I thought a child psychiatrist was almost impossible to find? The problem as how I see it is nurse practitioners commonly take on child and adolescent patients without any additional training. While a child and adolescent psychiatrist is the gold standard I much rather a general psychiatrist seeing my nephew than a nurse practitioner..
 
If you take a look at their data, they expect roughly 10k new psychiatrists from 2016-2030 and 5k new CAP from 2016-2030. That would mean for every 3 adult residents, 1 goes into child fellowship from 2016-2030 unless their is somehow an explosive increase in Peds --> CAP portal programs. Is this the actual data at present date?
 
Covid article?

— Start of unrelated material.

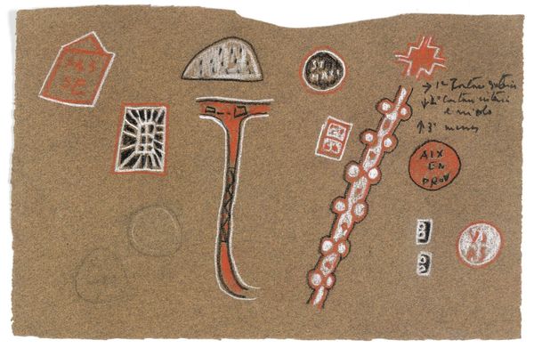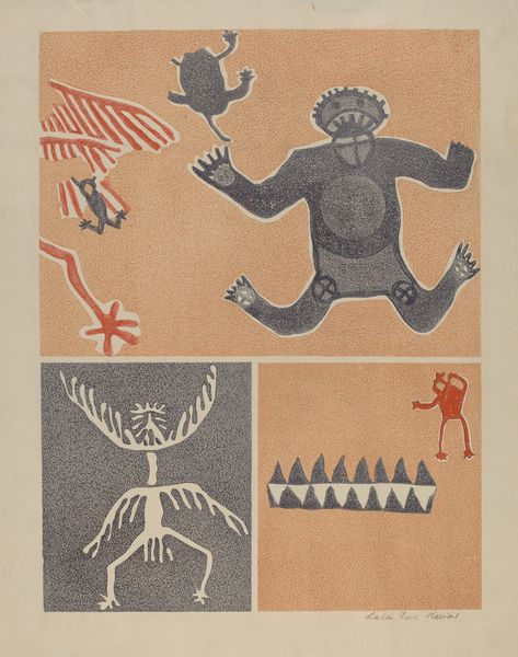 Lala Eve Rivol made this compelling print, Petroglyph - Human Figures, the date is unknown, using a simple but effective palette of ochre and blue-grey. I love the way the shapes are defined and activated by the negative space around them, like a conversation between figure and ground. The textures in this piece are fascinating. Rivol's mark-making feels intentional, each shape given definition and intention. Take, for example, the figure at the top left. It's like a human figure with antlers, standing above what could be a rake, maybe it is a symbolic ancestor? The granular texture suggests the printmaking technique used. It has a hand-made, slightly uneven quality that I find really appealing. Looking at this piece, I'm reminded of the art of Agnes Martin, who also worked with simple shapes and muted colors to create a sense of calm and contemplation. Ultimately, this print celebrates the ambiguity and multiple layers of interpretation that make art so engaging.

If parents do their jobs, kids aren’t bullied, no one needs to focus on their limited grades from online schoolwork, no social situations to worry about, and kids play video games constantly, the need for CAP may decrease and peds endo may increase in the short term.
 
They updated this in their recent projection. I think the surplus is only ~500 now
 
Whenever I meet a fellowship trained psychiatrist, they are almost always CAP. Maybe thats not the norm. Have yet to meet forensics, neuropsych, and a few others. Not sure what thats worth.
 
Wow. Looks like CAP will oversaturate the market soon.
 
This report seems to be suggesting only a small deficit of CAPs right now. I don't have numbers on me, but that just feels inaccurate. Is any of this trustworthy?
 
This report seems to be suggesting only a small deficit of CAPs right now. I don't have numbers on me, but that just feels inaccurate. Is any of this trustworthy?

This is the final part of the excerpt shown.